- Information supplied -

= Beginning of Section =

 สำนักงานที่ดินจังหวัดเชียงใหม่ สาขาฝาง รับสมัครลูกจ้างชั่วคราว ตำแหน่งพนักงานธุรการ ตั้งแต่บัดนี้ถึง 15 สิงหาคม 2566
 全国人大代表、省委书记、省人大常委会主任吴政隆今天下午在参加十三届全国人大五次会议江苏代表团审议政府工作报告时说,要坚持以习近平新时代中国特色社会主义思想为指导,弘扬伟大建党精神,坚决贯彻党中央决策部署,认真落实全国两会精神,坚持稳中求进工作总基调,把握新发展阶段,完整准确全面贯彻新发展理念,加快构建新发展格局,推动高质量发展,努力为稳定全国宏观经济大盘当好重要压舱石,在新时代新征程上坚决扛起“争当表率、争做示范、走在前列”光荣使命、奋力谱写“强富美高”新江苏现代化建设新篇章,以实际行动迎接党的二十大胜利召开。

= End of Section =
= Beginning of Section =

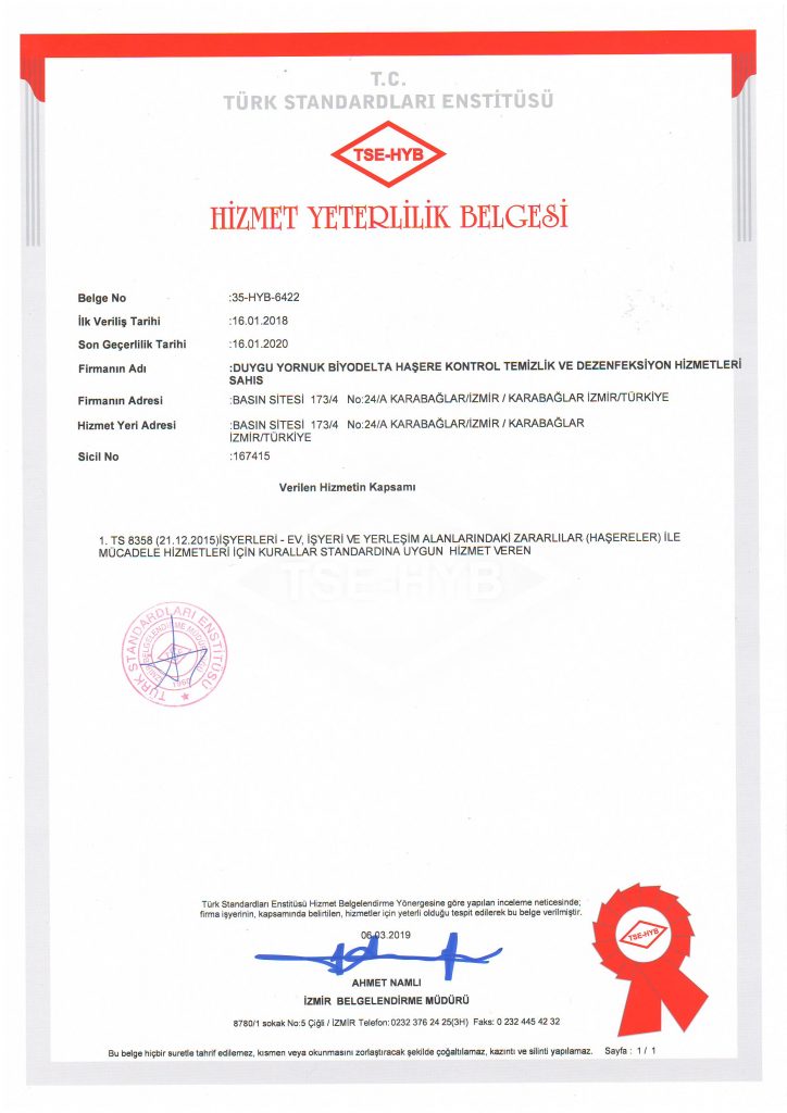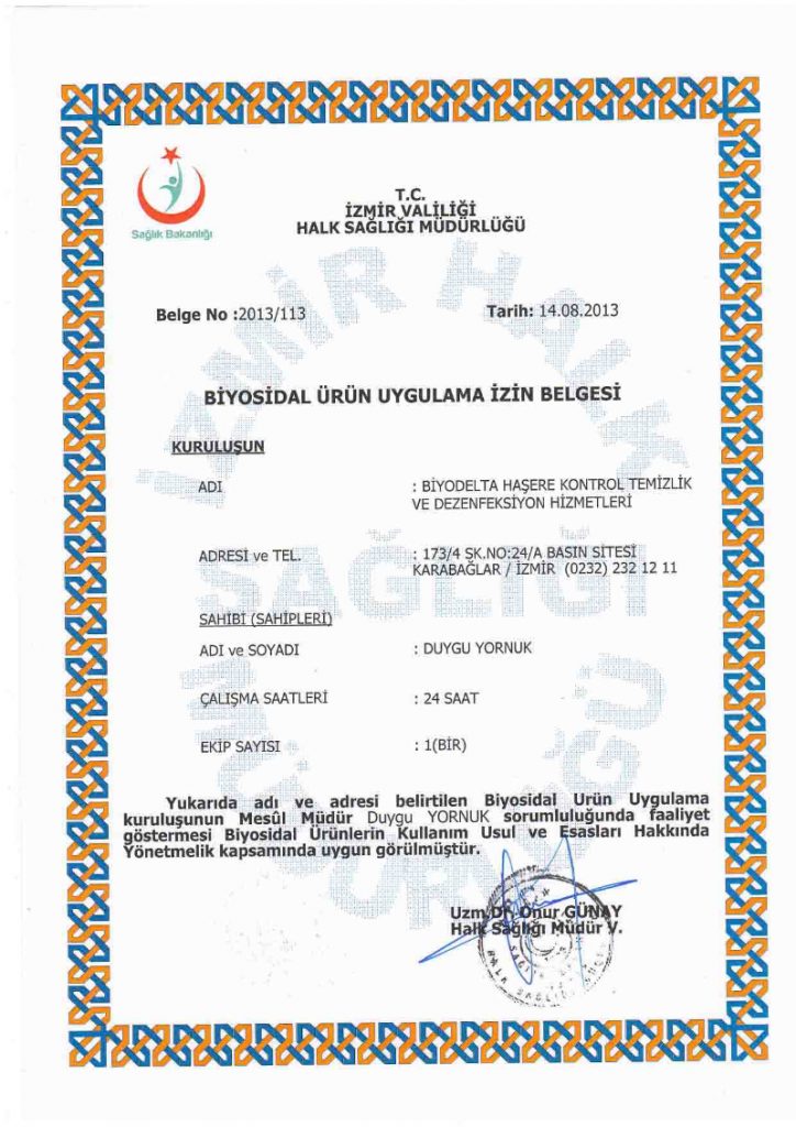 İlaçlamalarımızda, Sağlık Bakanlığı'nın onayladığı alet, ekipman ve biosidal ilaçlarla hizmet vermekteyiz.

= End of Section =

- What to work on -
Precisely the lines between those holding "สำนักงานที่ดินจังหวัดเชียงใหม่ สาขาฝาง รับสมัครลูกจ้างชั่วคราว" and "全国人大代表、省委书记、省人", inclusive, are to be reproduced from the listing above, with nothing added.

- Response to this task -
 สำนักงานที่ดินจังหวัดเชียงใหม่ สาขาฝาง รับสมัครลูกจ้างชั่วคราว ตำแหน่งพนักงานธุรการ ตั้งแต่บัดนี้ถึง 15 สิงหาคม 2566
 全国人大代表、省委书记、省人大常委会主任吴政隆今天下午在参加十三届全国人大五次会议江苏代表团审议政府工作报告时说,要坚持以习近平新时代中国特色社会主义思想为指导,弘扬伟大建党精神,坚决贯彻党中央决策部署,认真落实全国两会精神,坚持稳中求进工作总基调,把握新发展阶段,完整准确全面贯彻新发展理念,加快构建新发展格局,推动高质量发展,努力为稳定全国宏观经济大盘当好重要压舱石,在新时代新征程上坚决扛起“争当表率、争做示范、走在前列”光荣使命、奋力谱写“强富美高”新江苏现代化建设新篇章,以实际行动迎接党的二十大胜利召开。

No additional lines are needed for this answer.